8. Be sure she gets lots and lots of physical activity during the day. Time outdoors in nature and natural daylight is calming for most children. If she has pent-up energy, it will have to come out some way, and unless channeled in a positive direction, it will likely to add to both your stress and hers.
9. Whatever you are trying to teach will need to be repeated hundreds of times over the next few years. That's completely normal. Attention spans and impulse control are extremely limited in toddlers. (On your parenting contract, and you'll find it in teensy-tiny print under "I agree to the following terms and sacrifices.")

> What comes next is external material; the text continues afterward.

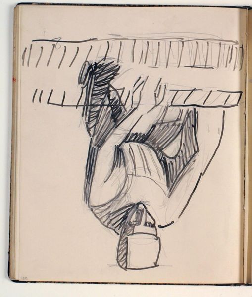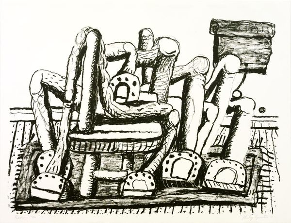 Editor: Here we have Philip Guston's "Studio Corner." The stark black ink on white creates a rather unsettling atmosphere, even though it depicts everyday objects. What historical context might illuminate Guston's choices here? Curator: Consider Guston's renunciation of abstract expressionism in favor of this representational, cartoonish style. It was a period of great social upheaval, and his return to figuration can be seen as a political act, rejecting the perceived elitism of abstraction for a more accessible, albeit disturbing, visual language. Editor: So, the simplicity is a statement in itself? Curator: Precisely. He embraced a seemingly crude style to confront complex social issues directly, reflecting a broader cultural shift towards demystifying art and engaging with the everyday struggles of society. It challenges the established art world. Editor: I never thought of it that way. Seeing it as a political statement really changes how I understand the piece.

Spanking and time-outs don't work for every kid, and will sometimes actually backfire over time. Especially with spanking: children may be scared, shocked, or shamed into compliance, but behaving for the sake of avoiding pain isn't the same thing as developing an internalized sense of "good." Consistent, calm guidance and demonstrations of what you DO want from her will work better in the long run than punishing for what you DON'T want her to do. See more on this by googling The Science of Parenting or Emotion Coaching.
I wish you well. Pay attention to what you love and appreciate about your daughter, and make sure she knows. Children seek attention and approval above all else, and if she knows you're noticing her good moments, she'll try to create more of them.